## REQUIREMENT:
The line containing "2020 Nissan Armada" and each line after it, through the final line of the data, are to be retyped exactly, with pictures left out.

## SOURCE DATA:
+ + + + + + +

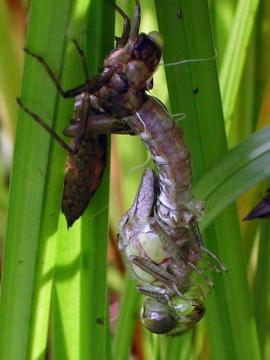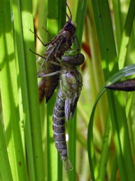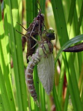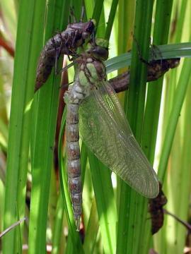 Eine blaugrüne Mosaikjungfer schlüpft aus ihrer Larvenhülle
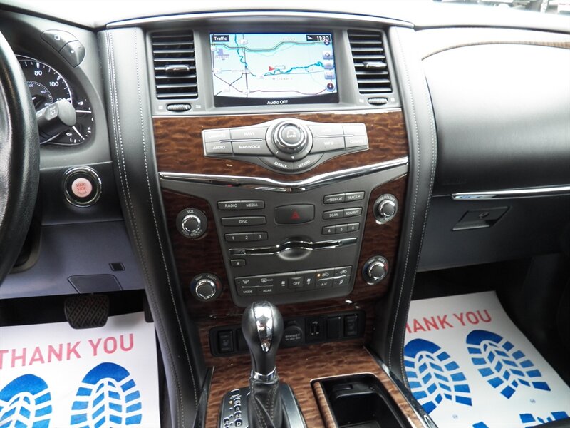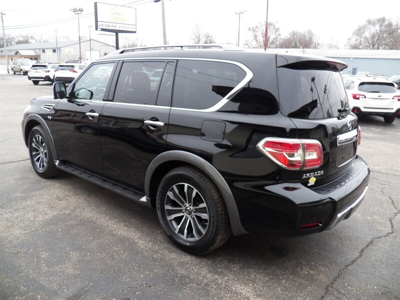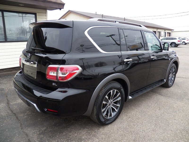 2020 Nissan Armada SL 4x4 with a 5.6L V8 producing 390 hp and 394 lb-ft of torque, paired with a 7-speed automatic and four-wheel drive; EPA-rated at 13 MPG city and 18 MPG highway. Factory equipment on the SL includes leather-appointed seating with heated and ventilated front seats, power-adjustable driver’s seat with memory, tri-zone automatic climate control, power moonroof and power liftgate, keyless entry with push-button start, NissanConnect with navigation on an 8-inch display, Bose premium audio, Apple CarPlay/Android Auto, Bluetooth and multiple USB ports, 20-inch alloy wheels and roof rails. Standard safety and convenience items include a rearview camera, parking sensors, blind-spot warning, rear cross-traffic alert and forward emergency braking. Vehicle is in excellent overall condition.
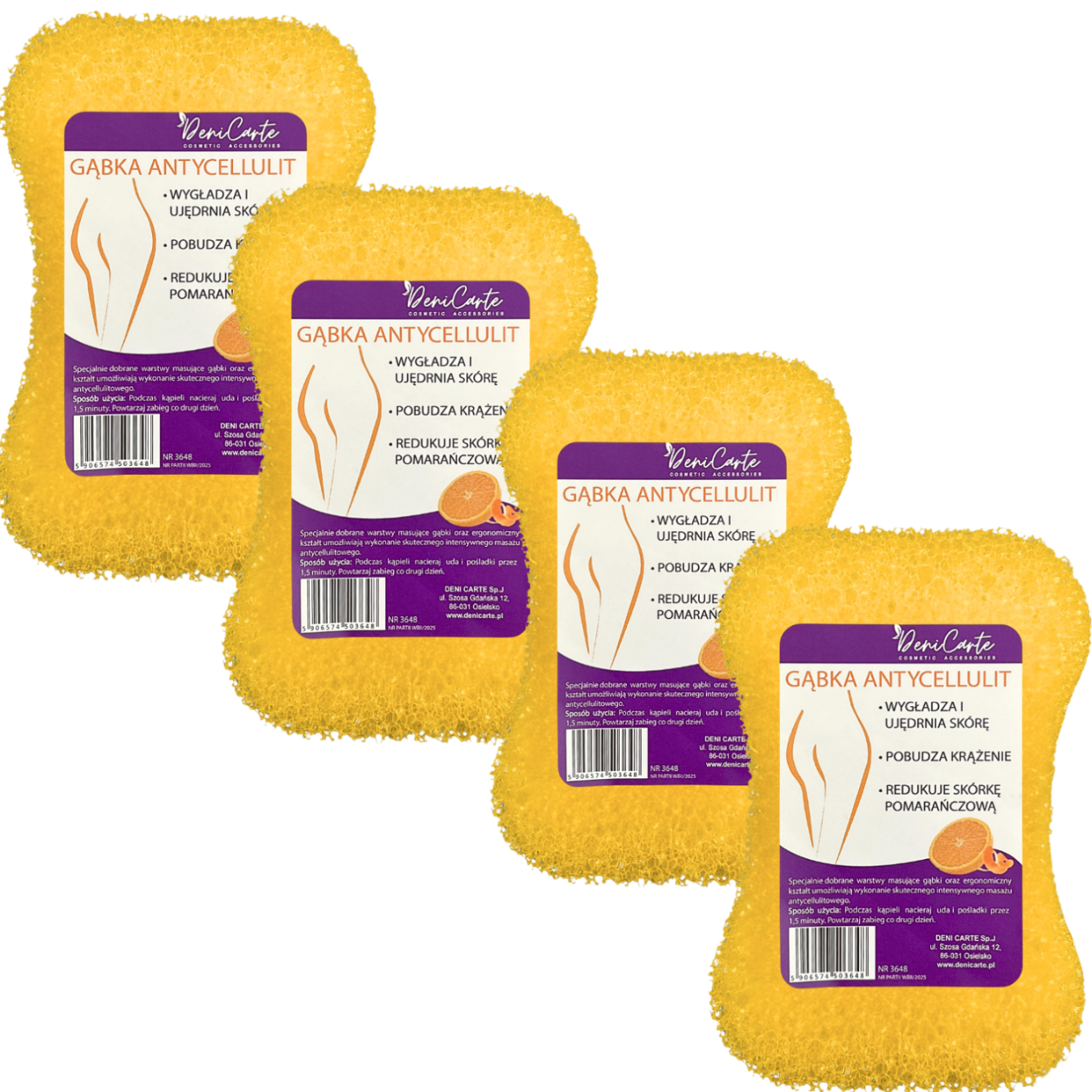 4 x Gąbka Do Kąpieli Masażu Antycellulitowa Zestaw Żółte

+ + + + + + +

## WRITTEN RESPONSE:
 2020 Nissan Armada SL 4x4 with a 5.6L V8 producing 390 hp and 394 lb-ft of torque, paired with a 7-speed automatic and four-wheel drive; EPA-rated at 13 MPG city and 18 MPG highway. Factory equipment on the SL includes leather-appointed seating with heated and ventilated front seats, power-adjustable driver’s seat with memory, tri-zone automatic climate control, power moonroof and power liftgate, keyless entry with push-button start, NissanConnect with navigation on an 8-inch display, Bose premium audio, Apple CarPlay/Android Auto, Bluetooth and multiple USB ports, 20-inch alloy wheels and roof rails. Standard safety and convenience items include a rearview camera, parking sensors, blind-spot warning, rear cross-traffic alert and forward emergency braking. Vehicle is in excellent overall condition.
 4 x Gąbka Do Kąpieli Masażu Antycellulitowa Zestaw Żółte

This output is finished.